No neonatal or reproductive toxicity was observed following administration of Texanol® Ester-alcohol to male and female rats at dose levels of 0, 100, 300 and 1000 mg/kg bw/day for 51 days in males and 40 to 51 days in females. The NOEL for neonatal and reproductive effects was 1000 mg/kg bw/day. The NOAEL for parental toxicity was 1000 mg/kg bw/day.

In a well-conducted combined repeated dose and reproductive/developmental toxicity screening study in which groups of 12 rats/sex were administered up to 1000 mg/kg bw/day by oral gavage for 51 (males) or 40-51 (females) consecutive days of exposure during premating, mating, pregnancy and early lactation, there were no gross or microscopic effects on any reproductive organ in either sex. There were no adverse effects on any reproductive parameters and all pregnant animals delivered normally. There were no observable embryotoxic or fetotoxic effects on offspring. Based on an absence of reproductive effects in the parental generation or adverse effects on the offspring, Texanol Ester-Alcohol is not classified for “Reproductive or Developmental Toxicity” according to EU CLP.

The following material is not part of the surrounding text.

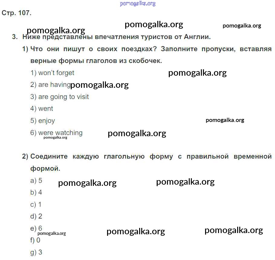 Готовые ответы - Английский язык 5 класс рабочая тетрадь Кузовлев В.П. - unit 8 107

Systemic toxicity for the male parental generation in this study is addressed in the section for Repeated-dose toxicity. Although there was an increase in absolute and relative liver weights in the high-dose female group, no treatment-related changes were observed during the macroscopic examination. Microscopically, centrilobular hepatomegaly was observed in the livers of female rats in the mid- and high-dose groups but this was considered an adaptive metabolic response rather than a toxic response due to the absence of degenerative changes to the liver. Based on this information, Texanol Ester-Alcohol is not classified for “Specific Target Organ Toxicity – Repeated Exposure” in female rats according to the GHS guidelines.

Executive summary:

In a combined repeated dose and reproductive/developmental toxicity study, undiluted Texanol Ester-alcohol was administered to 12 Sprague-Dawley rats/sex/group at dose levels of 0, 100, 300 and 1000 mg/kg bw/day for up to 51 days.  Administration of the test material did not affect the reproductive performance in this study in terms of ability to mate, mean number of live or dead pups/litter, total implants, prenatal loss, percent survival, total litter weight, mean pup weight, pup survival and postnatal growth. There were no toxicologically significant differences between the control and treated groups with respect to reproduction and development. The NOEL for reproductive and developmental toxicity was 1000 mg/kg bw/day.  Although minor effects were observed in both paternal and maternal animals, no significant toxicity was observed. The NOAEL for systemic effects in the parental generation in this study was 1000 mg/kg bw/day.